Barnett's article contains a link to a data rich report produced by Simon Fraser University of Canada, that pretty much dampens, like the familiar downpours of British Columbia, the flames of a 21st Century consumed by war. I have linked that report, The Shrinking Cost of War  in my blog favorites as well as their original report The Mini Atlas of Human Security.


Read Tom Barnett's article.
The New Rules: The Fallacy of an Increasingly Dangerous World



Lastly, this past week I learned something that reaffirmed my commitment to reach out to encourage the next generation. Any frequent reader of this blog will notice that I have a blog link section entitled, Honoring our Commitments. I posted the links in that section after I wrote a post a year ago about the trafficking of women, specifically in South East Asia. The links not only address the worldwide problem of trafficking, but also has links to sites that reach out to Cambodia, a country largely forgotten after we left Vietnam. When I wrote that post, I used a few photos for an introduction. That post and and a later post, Cambodia Revisited are two of the most visited posts on this site. Many visitors are looking for the obvious and move on; but a growing number stay and read the articles and visit the links, proving that the power of the word can make changes in attitudes and hopefully ensure a better life for someone.

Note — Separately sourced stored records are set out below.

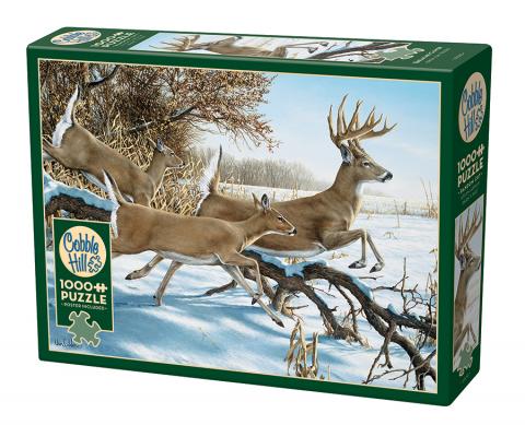 The white tailed deer are Breaking Cover as they hear the crackling of tree branches behind them. It's a tough call to run out into the open field, but they have to escape the snow covered forest before they become someone's prize for the winter. A heart pumping 1000 piece scenic wildlife puzzle.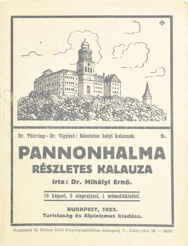 Dr. Mihályi Ernő: Pannonhalma részletes kalauza. Részletes helyi kalauzok 2. Bp., 1923, Turistaság és Alpinizmus, 1 t. + 36 p. Fekete-fehér képekkel illusztrált. Kiadói papírkötés.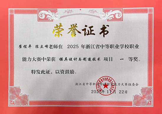 作为由浙江省教育厅主办的省级权威赛事,不仅全面考评教师的专业技能功底、教学创新能力及团队协作水平,也考查了选手们对行业前沿的把控力。此次“模具设计与制造技术”赛项聚焦复杂零件三维建模、模具结构创新设计、数控编程与精密加工全流程,对参赛团队的综合素养提出了极高要求。该校青年教师崔程平、陈立峰组成的参赛团队,凭借过硬实力与默契协作脱颖而出,最终以总分第一的优异成绩斩获该赛项一等奖,为学校赢得了荣誉!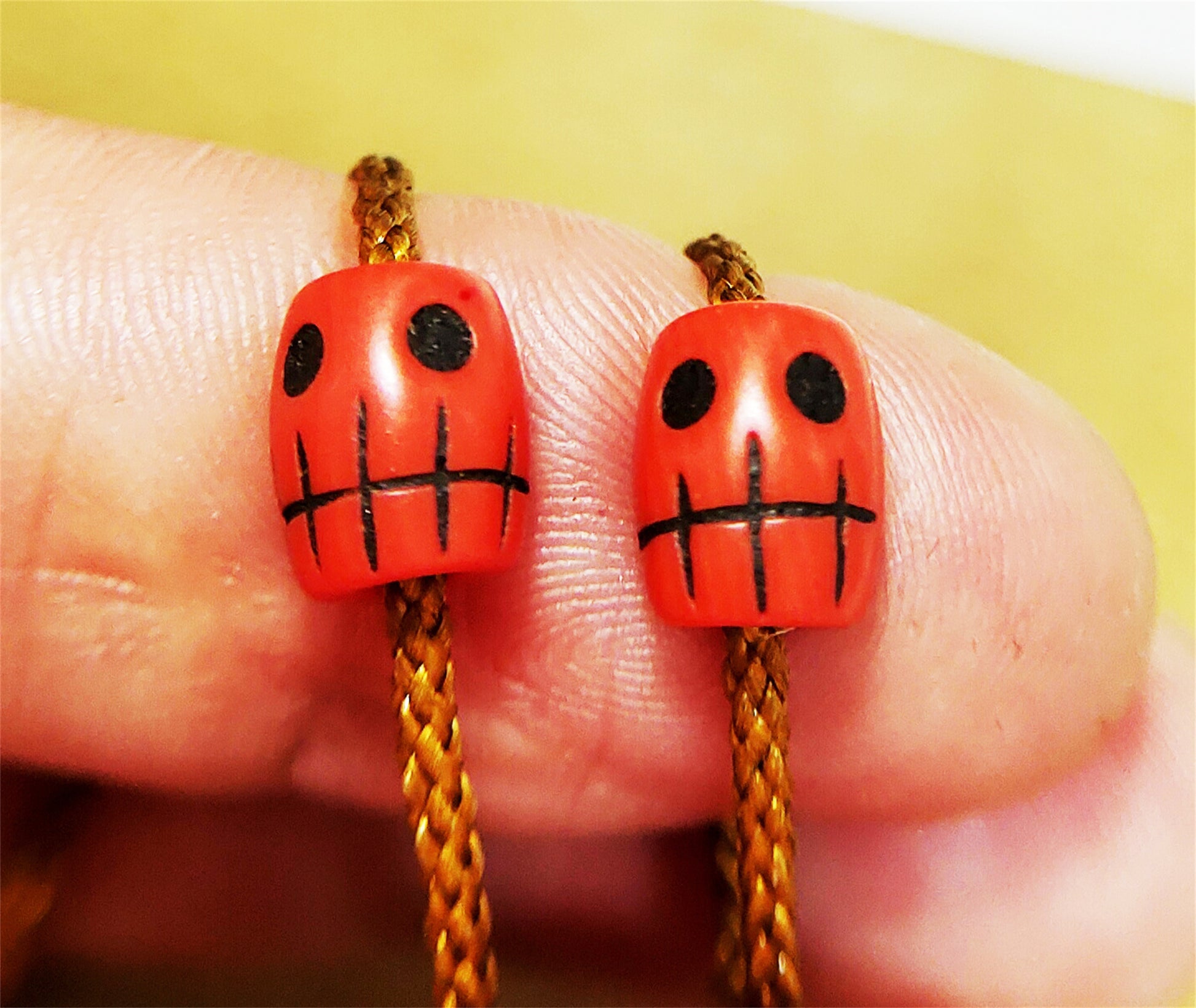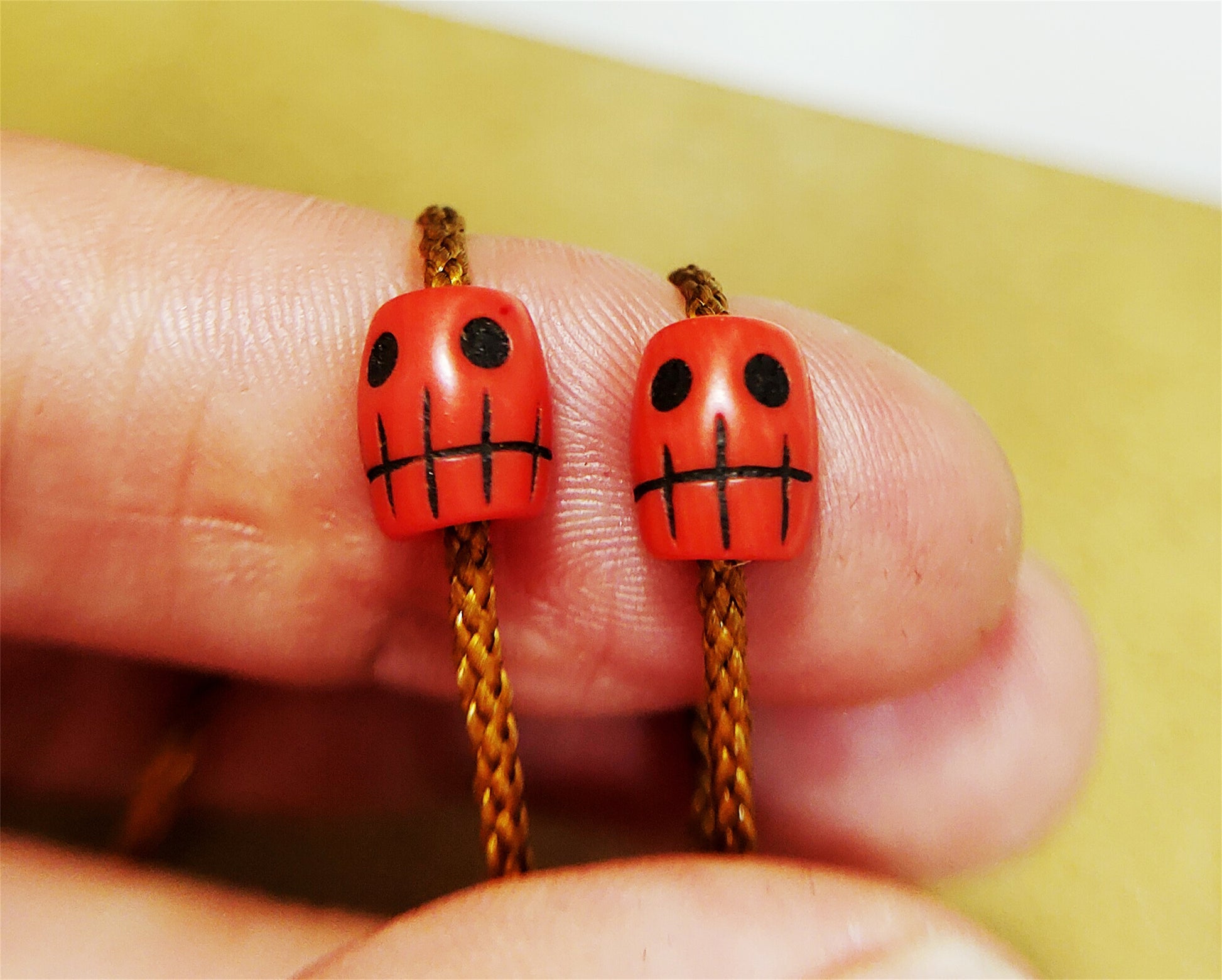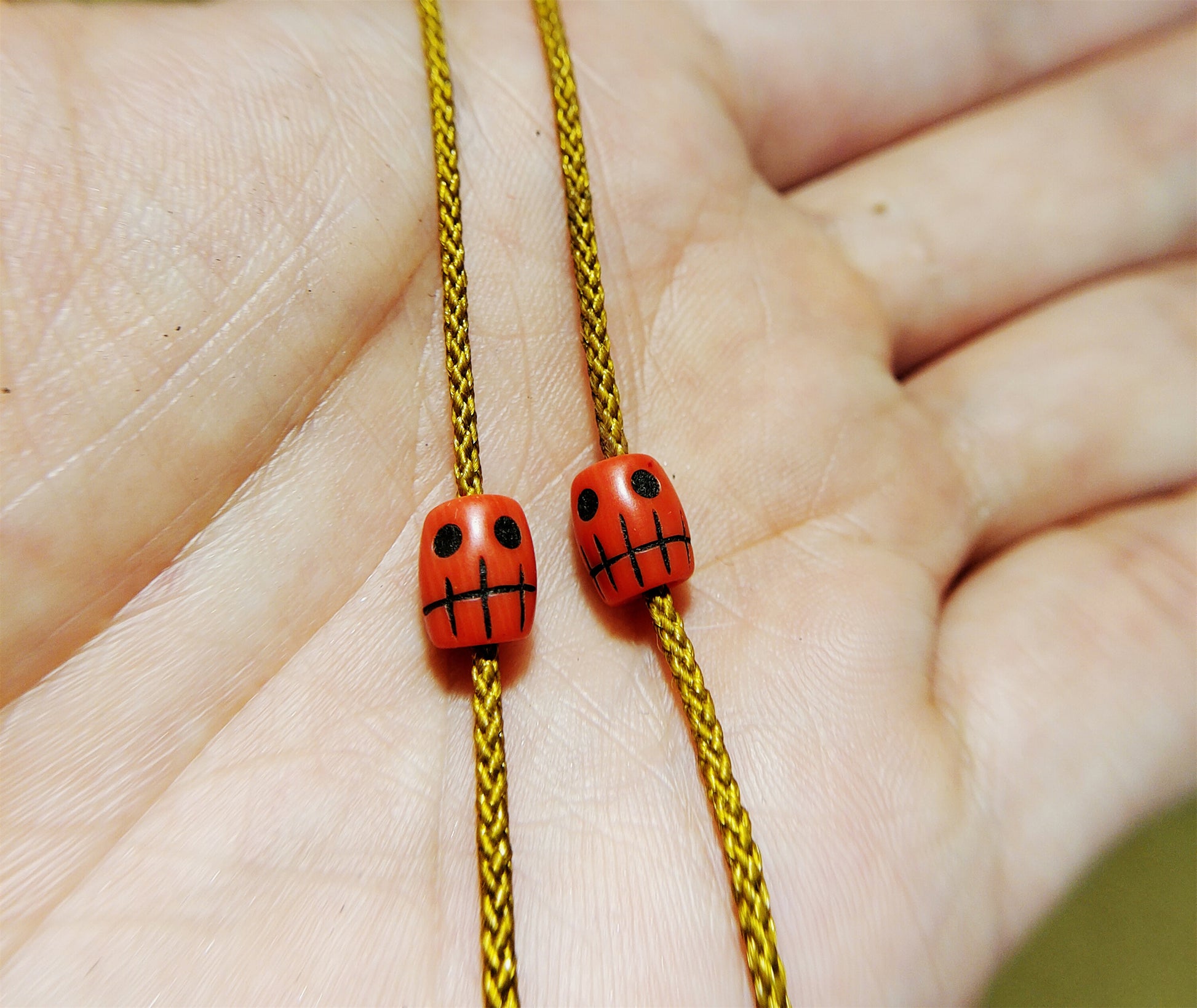 西藏老红雪巴琉璃骷髅头珠子念珠尸陀林佛珠手串MRX: This is a genuine himalaya old antique red Sherpa glass bead prayer amulet from tibet, +100 years old, hand carved skull figure (chitipati shmashana adhipati).

One of the little rewards in my life was to know a person whose parents escaped the Killing Fields of Cambodia and made their way to America.For a brief time we worked together and I would share articles about cognition, global affairs and history, which she devoured, then always had a question or comment that revealed she totally understood the concept. Time moved on and we lost touch, but I learned this week, that she remains even more committed and focused to make a difference in this world. I am confident that her commitment, sensitivity and courage to learn about her fellow humans will pay dividends not only to America, but to the world at large.